Eventually we were ushered into the court, bareheaded, trying very hard to look meek. The opening questions and formalities took up a lot of time, and it really was a terrible strain trying not to laugh when the interpreter solemnly explained to a German captain that one of our party belonged to the Middlesex Regiment. Before getting to business our individual conduct sheets were read out, mine being about as black as it could be. At our request two French majors from Osnabrück were present. Both spoke well on our behalf, explaining that this could only be a quarrel between the French and British in any case, but that they were delighted at what had occurred, and most certainly did not wish to prosecute. Everything went in our favour, and, when the treacling was described, even the presiding Hun general laughed. The public prosecutor, as usual, asked for the maximum punishment, 600 marks fine or 100 days fortress. Whereupon the court rose and left the room, looking justice itself. On their return it was announced that the junior three of our party, who had not actually entered the Frenchman’s room, were let off with a caution, and that all the rest were each fined five hundred marks, or fifty days in a fortress. This showed how they wanted our money; of course the whole thing had been arranged beforehand. On inquiring what the money would go to support we were told that it would probably be the war loan. A few minutes later, after leaving in a rebellious mood, we were lucky enough to meet the two Frenchmen, from whom we learnt that they too had spent the night in cells in the same prison. Later on I was given to understand that before a subsequent court-martial two British officers spent the night on a sort of mattress in a corner of the guardroom.

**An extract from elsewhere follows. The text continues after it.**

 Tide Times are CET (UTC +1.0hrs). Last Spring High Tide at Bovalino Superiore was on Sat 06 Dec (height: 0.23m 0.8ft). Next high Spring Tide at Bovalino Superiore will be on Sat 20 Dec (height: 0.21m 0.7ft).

The return journey was accomplished without incident, except for an attempt on our part to speak to a captured guardsman, who was loading trucks, which was promptly squashed by Wolfe snapping out “Das geht nicht.” Nevertheless, a tin or two of food found its way out of the window.

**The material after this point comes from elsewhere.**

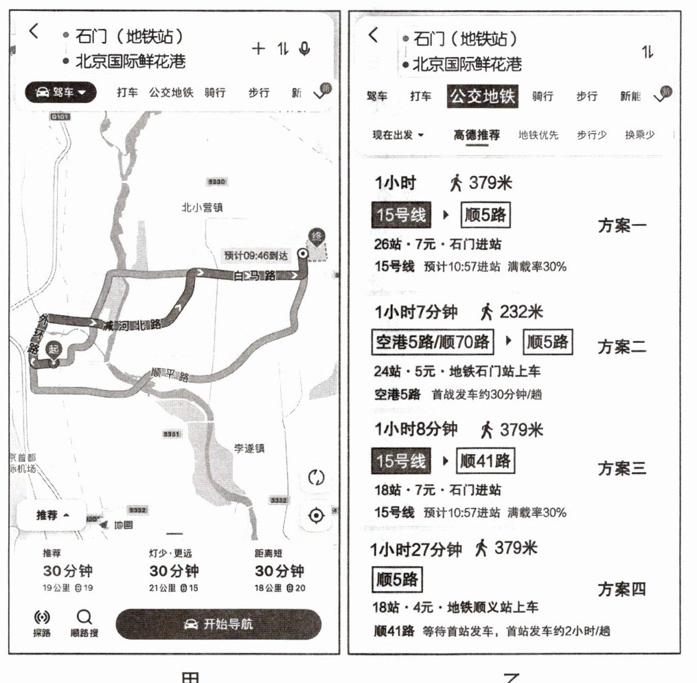 【例题】 2023年北京菊花文化节在位于顺义的北京国际鲜花港开幕,国庆假期,明明一家计划到北京国际鲜花港去赏花。明明打开导航查询,甲图为驾车路线,乙图为公交地铁推荐的四种方案。读图完成下列问题。

The weather at Clausthal, after a brief interval of snowstorms, became beautifully warm, and the prospect of spending the summer in the Hartz Mountains was almost alluring. About this time General Friedrichs (in charge of prisoners of war) made a speech in the Reichstag, in the course of which he stated that the English treated their prisoners better than any other nation (or so the translation read), and went on to say that in return English prisoners must receive good treatment, so that at the conclusion of hostilities they would take back good remembrances of Germany to their own country. In my case things certainly did change (I expect as a result of the speech)—for the worse. A week later thirty-five officers, including myself, were sent to Ströhen, a camp which will certainly be remembered long after peace is declared, but I doubt if the memory will be a pleasant one.